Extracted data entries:
+===+

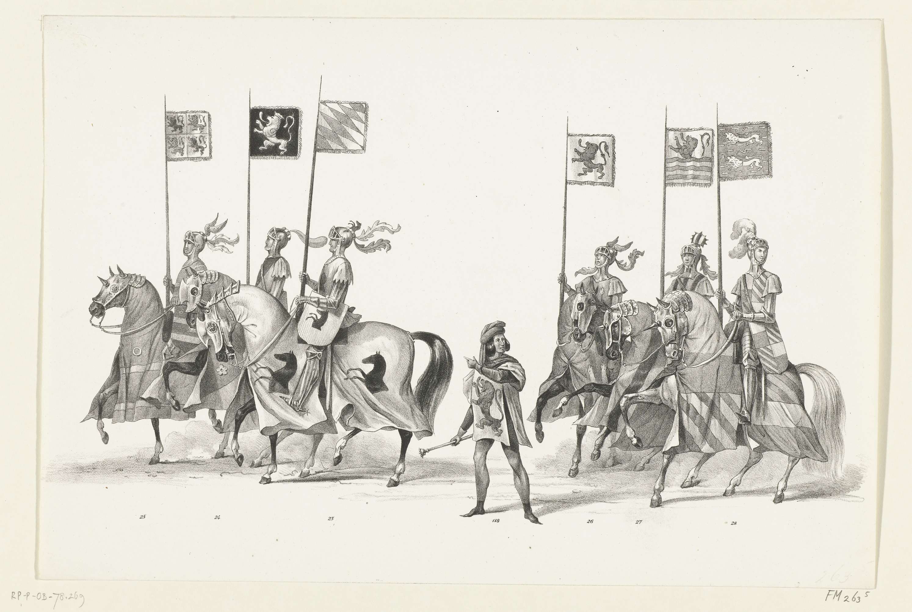 Optocht nrs 25-28: ridders met banieren. Onderdeel van de prentserie van de Maskerade van de intocht van hertog Jan van Beieren te Leiden op 18 augustus 1420 door de Leidse studenten op 8 februari 1840.
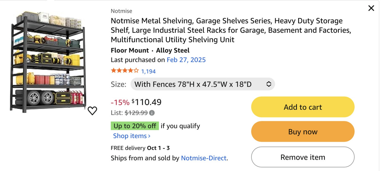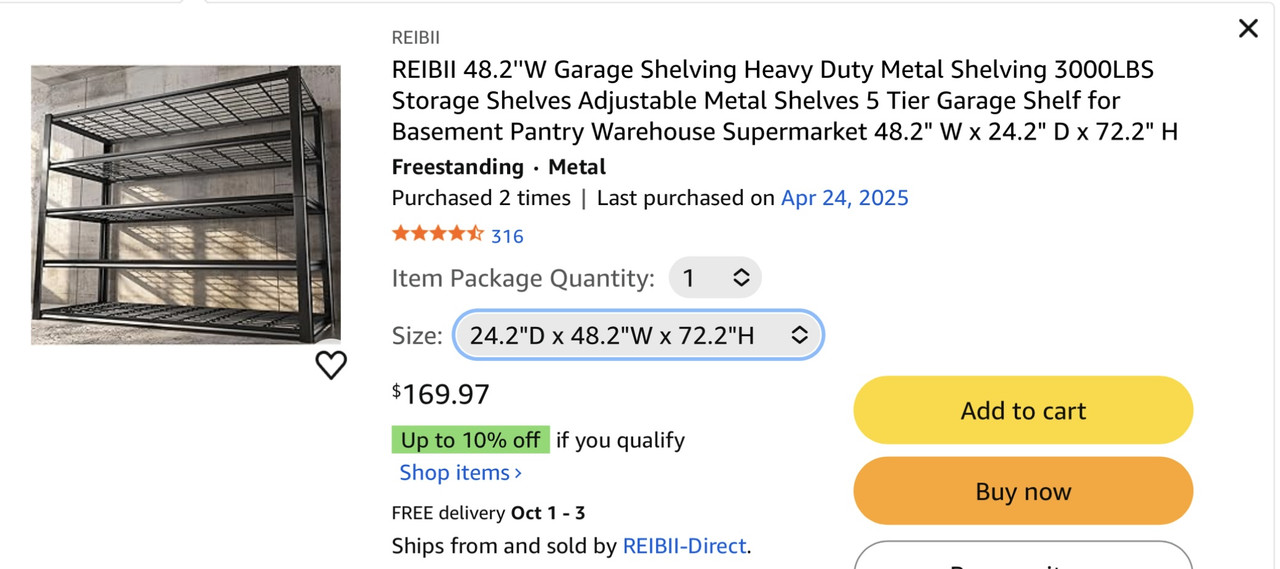 I also purchased a pair of these several years ago, from Costco, to free up garage floor space for seldom used items several years ago but as I recall I paid 1/2 this amount as they were closeout at the time and it was pre-Covid. They are heavy duty.
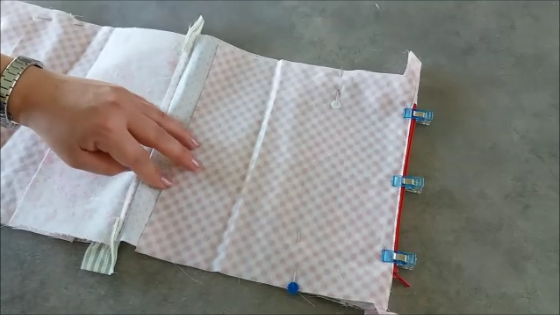 Ahora vamos a preparar los laterales empezando por juntar derecho con derecho de las piezas y cosemos a 1 cm del borde, dejando la parte más ancha abierta.
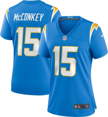 Channel your Los Angeles Chargers spirit with this Ladd McConkey Team Game Jersey from Nike. This jersey is designed for movement and features mesh side panels for extra breathability, allowing you to stay cool and comfortable. The sewn-on NFL Shield at the collar and satin twill woven jock tag at the hem provide authentic finishing touches, while the screen print name, numbers and team details showcase your Los Angeles Chargers pride.
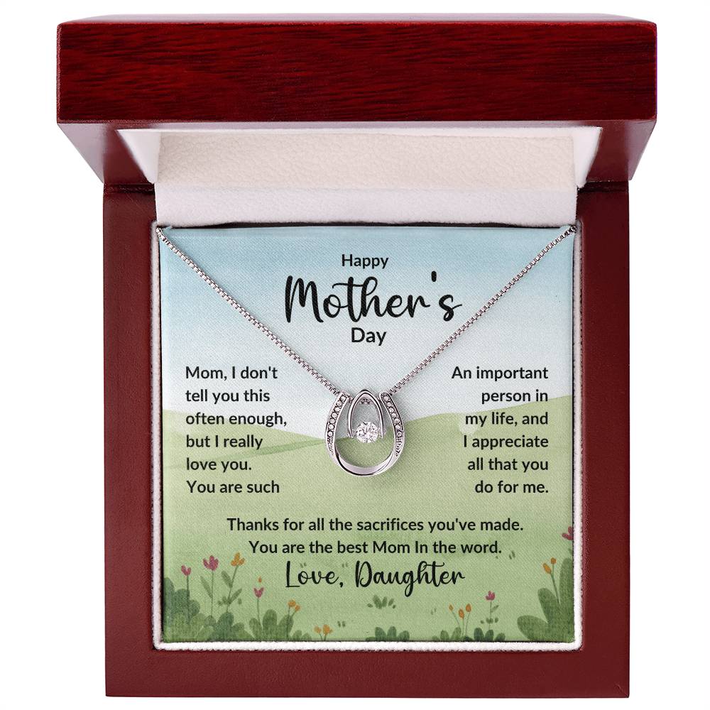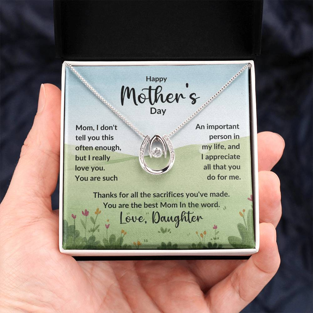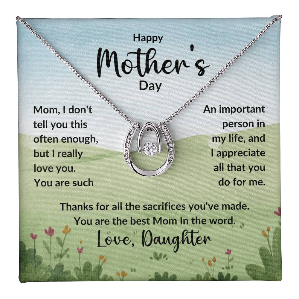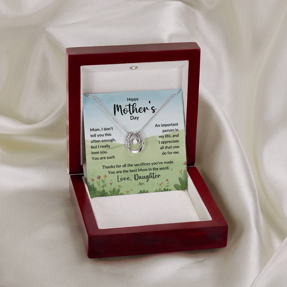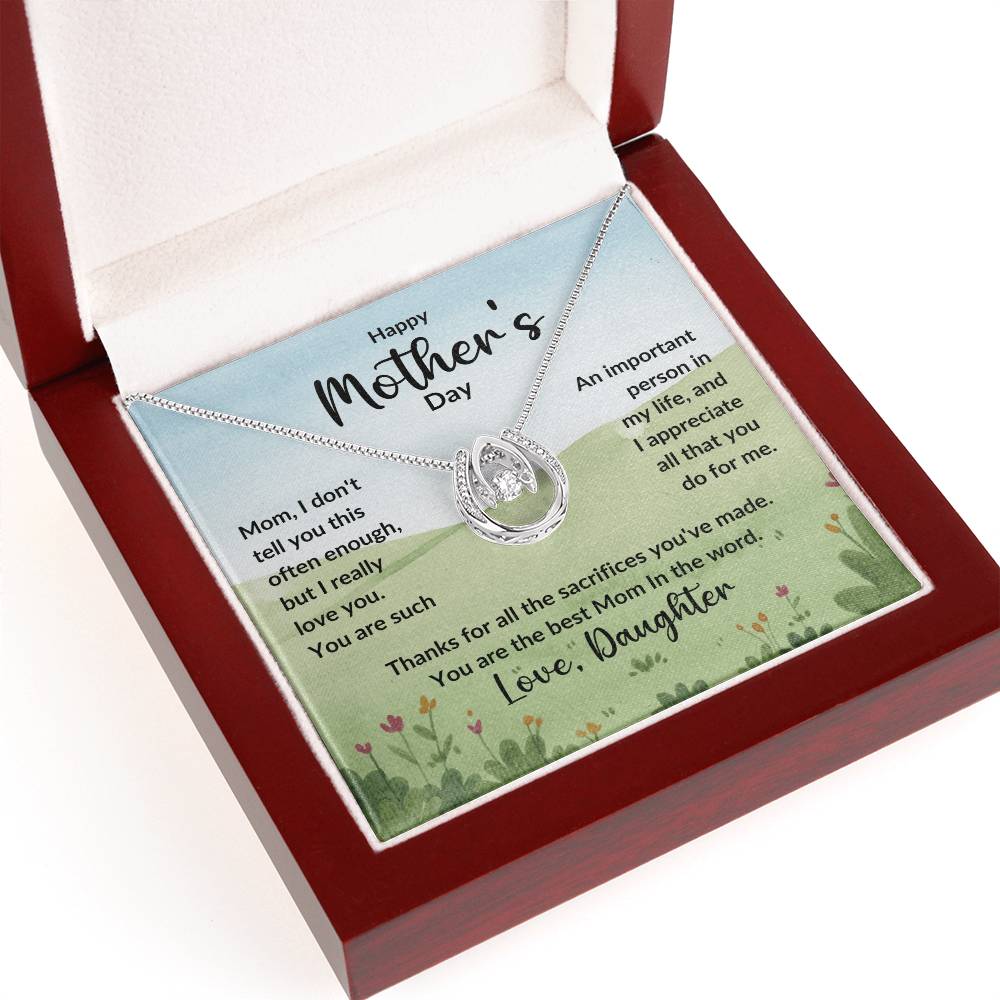 Mom, I don't tell you this often enough, but I really love you. You are such An important person in my life, and I appreciate all that you do for me. Thanks for all the sacrifices you've made. You are the best Mom In the word. Love, Daughter
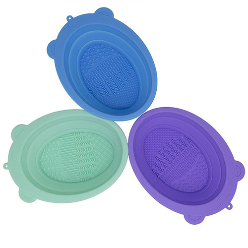 矽膠材質的碗,上麵有三種不同的凸起,能照顧到每種化妝刷。
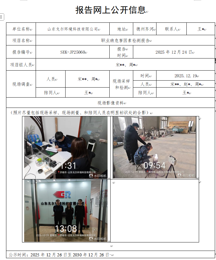 山东戈尔环境科技有限公司职业病危害因素检测报告网上信息公开
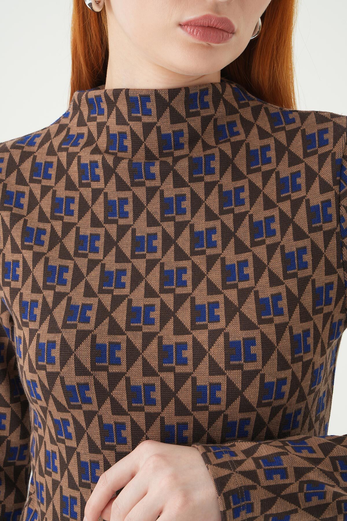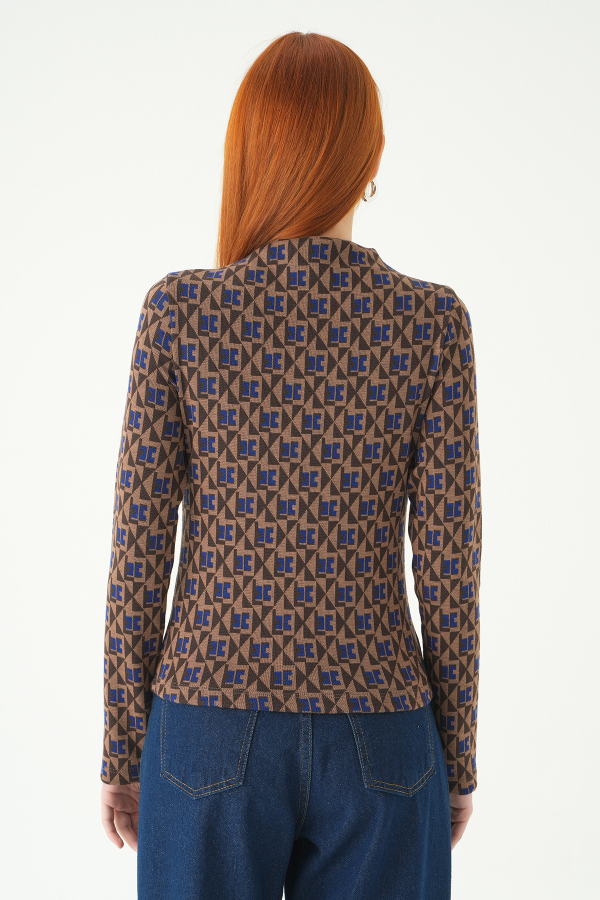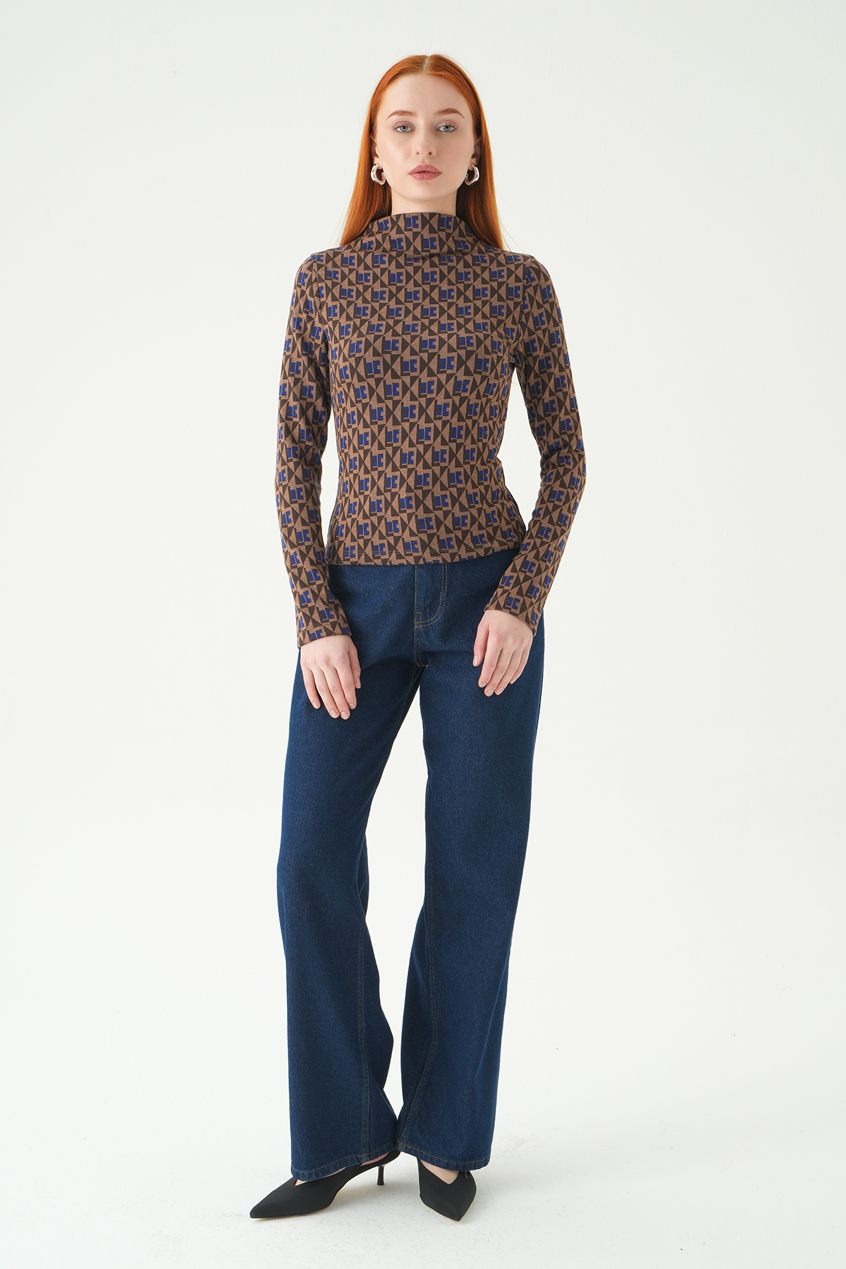 242143 Desenli Dik yaka Bluz

+===+

◆ **Directions**:
After removing the pictures, repeat the remaining records exactly.

◆ **Your solution**:
 Optocht nrs 25-28: ridders met banieren. Onderdeel van de prentserie van de Maskerade van de intocht van hertog Jan van Beieren te Leiden op 18 augustus 1420 door de Leidse studenten op 8 februari 1840.
 I also purchased a pair of these several years ago, from Costco, to free up garage floor space for seldom used items several years ago but as I recall I paid 1/2 this amount as they were closeout at the time and it was pre-Covid. They are heavy duty.
 Ahora vamos a preparar los laterales empezando por juntar derecho con derecho de las piezas y cosemos a 1 cm del borde, dejando la parte más ancha abierta.
 Channel your Los Angeles Chargers spirit with this Ladd McConkey Team Game Jersey from Nike. This jersey is designed for movement and features mesh side panels for extra breathability, allowing you to stay cool and comfortable. The sewn-on NFL Shield at the collar and satin twill woven jock tag at the hem provide authentic finishing touches, while the screen print name, numbers and team details showcase your Los Angeles Chargers pride.
 Mom, I don't tell you this often enough, but I really love you. You are such An important person in my life, and I appreciate all that you do for me. Thanks for all the sacrifices you've made. You are the best Mom In the word. Love, Daughter
 矽膠材質的碗,上麵有三種不同的凸起,能照顧到每種化妝刷。
 山东戈尔环境科技有限公司职业病危害因素检测报告网上信息公开
 242143 Desenli Dik yaka Bluz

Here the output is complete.